What is expected -
The material below holds a span beginning at the line with "Arnés de aprendizaje" and ending at the line with "4.5 lumens; 1". Quote that span exactly, both ends included, and only that span.

Records for this exercise -
• • •

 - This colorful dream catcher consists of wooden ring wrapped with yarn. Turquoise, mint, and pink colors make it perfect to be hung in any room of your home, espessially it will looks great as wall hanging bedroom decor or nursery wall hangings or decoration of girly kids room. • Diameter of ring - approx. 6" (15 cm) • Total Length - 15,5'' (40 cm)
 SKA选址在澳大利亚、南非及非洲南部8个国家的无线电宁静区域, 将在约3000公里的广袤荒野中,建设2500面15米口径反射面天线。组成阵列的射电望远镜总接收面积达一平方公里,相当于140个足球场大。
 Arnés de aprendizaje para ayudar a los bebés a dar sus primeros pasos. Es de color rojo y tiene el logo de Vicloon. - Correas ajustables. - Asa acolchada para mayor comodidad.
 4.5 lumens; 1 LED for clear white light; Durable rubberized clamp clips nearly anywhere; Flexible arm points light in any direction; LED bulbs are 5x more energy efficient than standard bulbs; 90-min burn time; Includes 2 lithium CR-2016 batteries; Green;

• • •

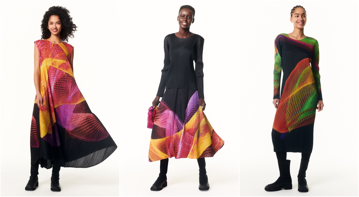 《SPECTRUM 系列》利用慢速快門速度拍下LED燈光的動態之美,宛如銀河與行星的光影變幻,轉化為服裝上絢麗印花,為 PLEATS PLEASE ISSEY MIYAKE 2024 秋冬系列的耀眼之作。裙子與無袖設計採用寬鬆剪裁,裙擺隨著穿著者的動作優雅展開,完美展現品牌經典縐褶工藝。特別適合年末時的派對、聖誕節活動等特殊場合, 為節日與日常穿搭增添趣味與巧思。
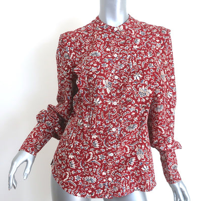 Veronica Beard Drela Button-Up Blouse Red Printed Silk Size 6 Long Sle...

• • •

Answer area -
 Arnés de aprendizaje para ayudar a los bebés a dar sus primeros pasos. Es de color rojo y tiene el logo de Vicloon. - Correas ajustables. - Asa acolchada para mayor comodidad.
 4.5 lumens; 1 LED for clear white light; Durable rubberized clamp clips nearly anywhere; Flexible arm points light in any direction; LED bulbs are 5x more energy efficient than standard bulbs; 90-min burn time; Includes 2 lithium CR-2016 batteries; Green;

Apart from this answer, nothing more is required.